Would you buy a used car from this man?

Yahoo News reports on Pope Benedict in Brazil, May 13--why do I feel extreme cognitive dissonance when he makes the following claim?

"This is the faith that has made Latin America the 'continent of hope,'" Benedict told the crowd of nearly 150,000 gathered outside the mammoth basilica of Aparecida.

If the Catholic Church is Benedict's idea of hope, I would hate to see his despair. According to Clara Steinberg-Spitz, the Spanish and Portuguese Inquisition was imported to South America. They considered it their duty to torture people who differed with them on religious doctrine, was a practitioner of the native religion, or was a Jew.

"The most common form of torture in the New World was the potro, a bedlike frame with straps from side to side upon which the prisoner was placed, naked. The prisoner's limbs were strapped with leather bands, and tightened by the turns of a wheel, causing excruciating pain. Often, a prisoner would confess after the first turn of the wheel. Another form of torture was administered by placing a silk scarf in the prisoner's mouth and then pouring huge quantities of water into his mouth; the prisoner's stomach became distended and unbearably painful."

"The brazo secular (secular authorities) was responsible for reading the death penalty, and also for igniting the pyre at the stake. The auto de fé, or act of faith, was intended to be an enactment of the Last Day of Judgment. Its primary role was to serve as an example to the recently converted Indians and strike terror into the Hebrews. Punishment, from the Inquisition's point of view, was a penance.
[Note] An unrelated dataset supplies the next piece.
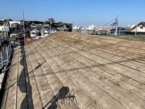 野地板という土台の木材を設置し、劣化した元屋根に安定性をプラス。

The tribunal devoted its efforts not merely to finding its victims guilty, but to extracting penitential confessions from them."

So the church only sentenced the poor soul to the torture of being burned alive at the stake--which they called being "relaxed"--leaving it to the secular authorities to do the burning. And many, even after recanting, were burned anyway.

You can read the remainder of Clara Steinberg-Spitz' article here. But you won't find it very relaxing.

I ask you--can you really believe in a God who endorses cruelty?